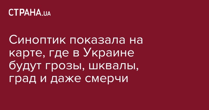 Синоптик показала на карте, где в Украине будут грозы, шквалы, град и даже смерчи
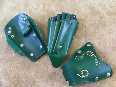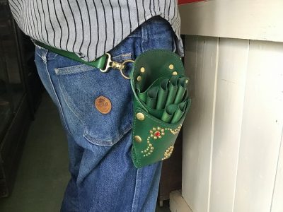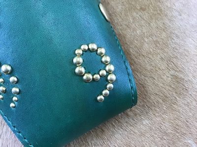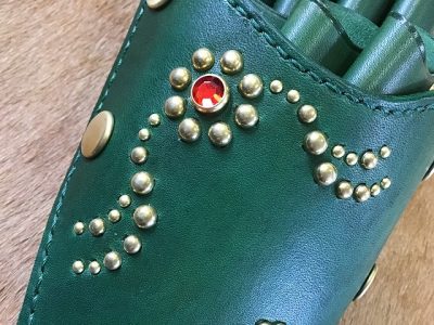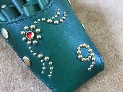 シザーケース/手染め緑&スタッズワーク
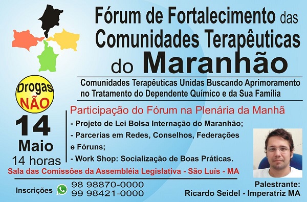 Está programado para esta quinta-feira (14), o I Fórum de Fortalecimento das Comunidades Terapêuticas do Maranhão, que tem por objetivos reunir e organizar como classe as Entidades que se destinam a acolher, cuidar, tratar e proteger dependentes químicos, além de discutir políticas públicas voltadas para a legalidade e aparelhamento das drogas no Maranhão.
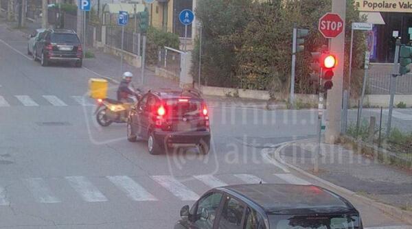 Rimini, auto passa con il rosso e sfiora collisione con lo scooter di un Rider
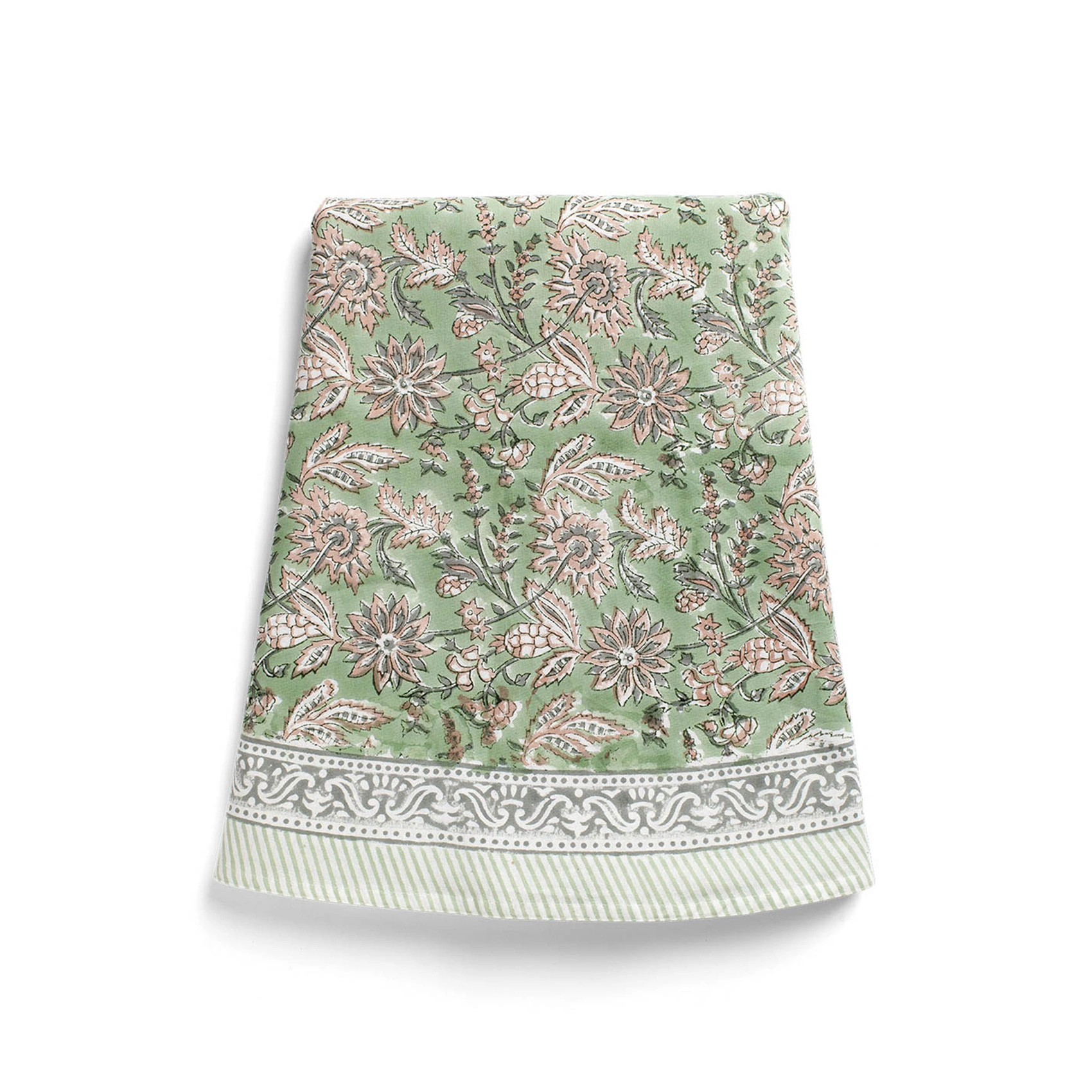 Vacker rund duk med blommönster i två färger och dekorativ border. Mönstret är handtryckt med traditionell indisk blocktryckteknik.
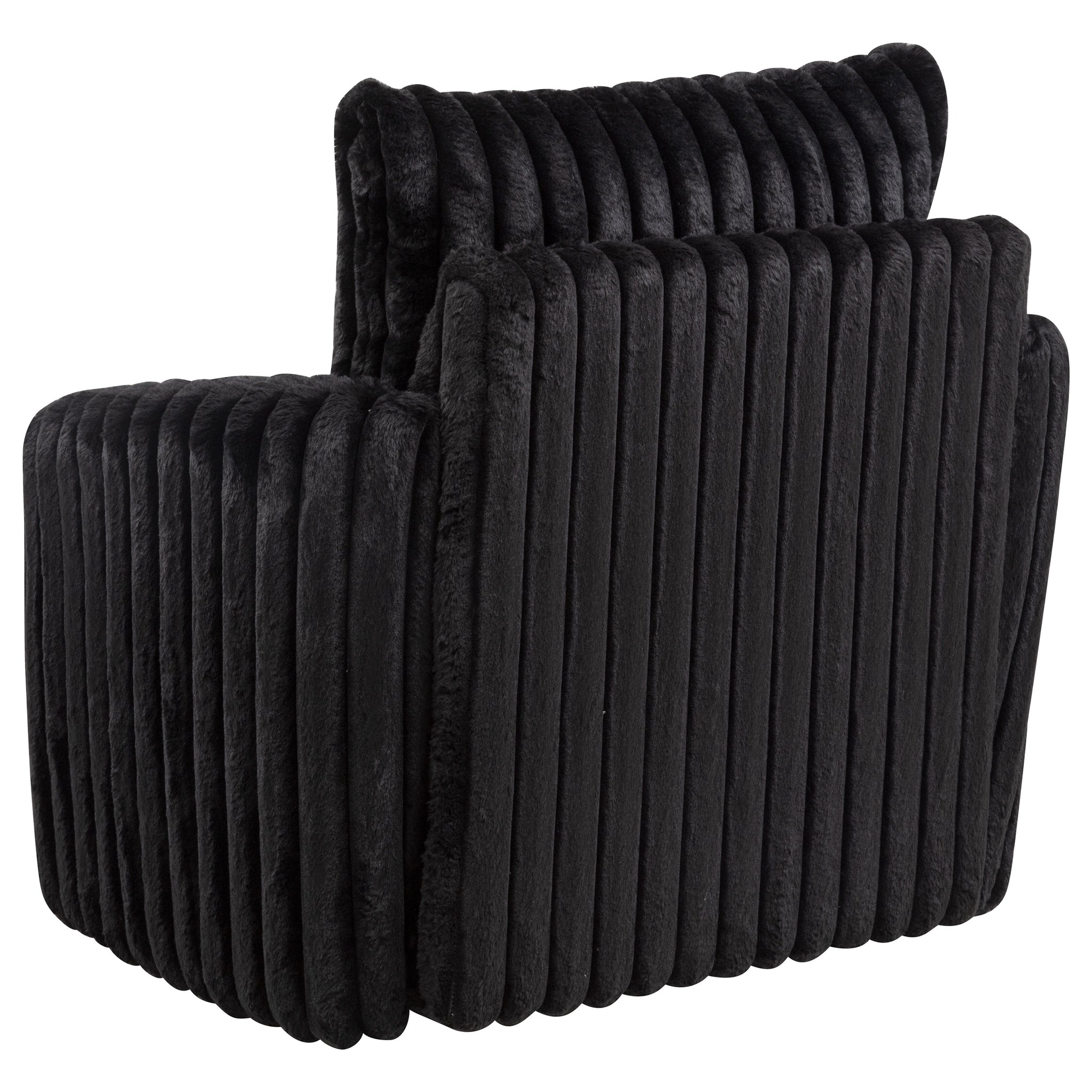 Contoured for comfort and wrapped in plush texture, this swivel chair invites relaxed movement with a soft, sculptural silhouette. Deep channel tufting traces every curve, from the wide seat to the tailored backrest and arms. Fully upholstered in ribbed corduroy and built with layered foam, this lounge chair rotates 360 degrees for flexible conversation. Ideal for modern living rooms, reading corners, or cozy bedrooms. Key Features: • Swivel chair in ivory corduroy features deep channel tufting and soft sculptural shaping • Full 360-degree swivel base allows flexible movement in open or compact spaces • Thick foam cushions provide a plush seating experience with lasting support • Fully upholstered arms and back offer a continuous wrap of ribbed corded texture • Framed in engineered wood for durability and built-in strength beneath soft contours • Modern swivel lounge chair suits bedrooms, living rooms, or cozy reading spaces
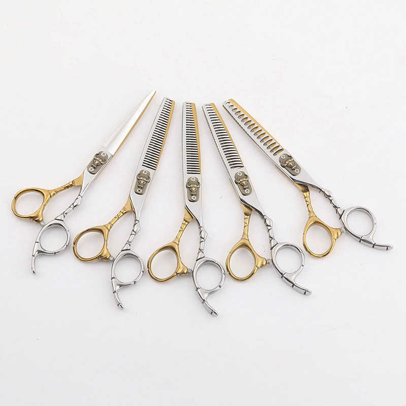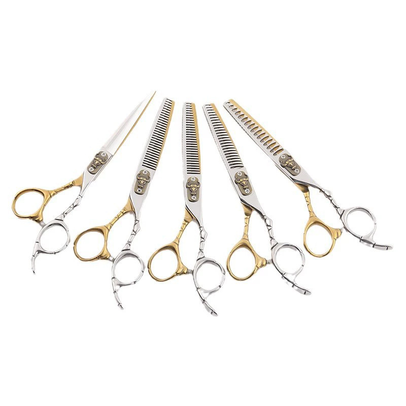美发剪刀亚马迅跨境理发剪刀平剪牙剪套装黑色金色美发剪套装锋利
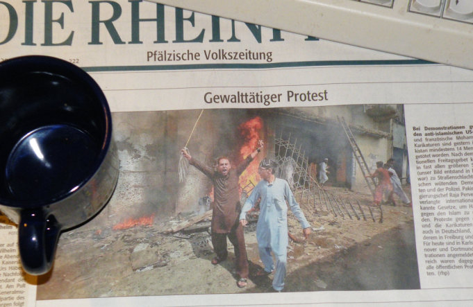 Dabei geben die kreischenden Brandstifter und Mörder ein Bild ab, das jenen in den von ihnen als Anlass für ihre Handlungen genannten Filme und Zeichnungen bemerkenswert ähnlich ist. Zumindest die Mohammeds unter ihnen sind also lebende Mohammedkarikaturen und beleidigen mit ihrem Verhalten gerade jenen Namenspatron, dessen Ehre sie zu schützen vorgeben. [..] [Quelle: heise.de / Peter Mühlbauer]
__________
— TASK —
A word-for-word copy of the listing is the goal; keep every picture out of it.

— TASK SOLUTION —
 Синоптик показала на карте, где в Украине будут грозы, шквалы, град и даже смерчи
 シザーケース/手染め緑&スタッズワーク
 Está programado para esta quinta-feira (14), o I Fórum de Fortalecimento das Comunidades Terapêuticas do Maranhão, que tem por objetivos reunir e organizar como classe as Entidades que se destinam a acolher, cuidar, tratar e proteger dependentes químicos, além de discutir políticas públicas voltadas para a legalidade e aparelhamento das drogas no Maranhão.
 Rimini, auto passa con il rosso e sfiora collisione con lo scooter di un Rider
 Vacker rund duk med blommönster i två färger och dekorativ border. Mönstret är handtryckt med traditionell indisk blocktryckteknik.
 Contoured for comfort and wrapped in plush texture, this swivel chair invites relaxed movement with a soft, sculptural silhouette. Deep channel tufting traces every curve, from the wide seat to the tailored backrest and arms. Fully upholstered in ribbed corduroy and built with layered foam, this lounge chair rotates 360 degrees for flexible conversation. Ideal for modern living rooms, reading corners, or cozy bedrooms. Key Features: • Swivel chair in ivory corduroy features deep channel tufting and soft sculptural shaping • Full 360-degree swivel base allows flexible movement in open or compact spaces • Thick foam cushions provide a plush seating experience with lasting support • Fully upholstered arms and back offer a continuous wrap of ribbed corded texture • Framed in engineered wood for durability and built-in strength beneath soft contours • Modern swivel lounge chair suits bedrooms, living rooms, or cozy reading spaces
美发剪刀亚马迅跨境理发剪刀平剪牙剪套装黑色金色美发剪套装锋利
 Dabei geben die kreischenden Brandstifter und Mörder ein Bild ab, das jenen in den von ihnen als Anlass für ihre Handlungen genannten Filme und Zeichnungen bemerkenswert ähnlich ist. Zumindest die Mohammeds unter ihnen sind also lebende Mohammedkarikaturen und beleidigen mit ihrem Verhalten gerade jenen Namenspatron, dessen Ehre sie zu schützen vorgeben. [..] [Quelle: heise.de / Peter Mühlbauer]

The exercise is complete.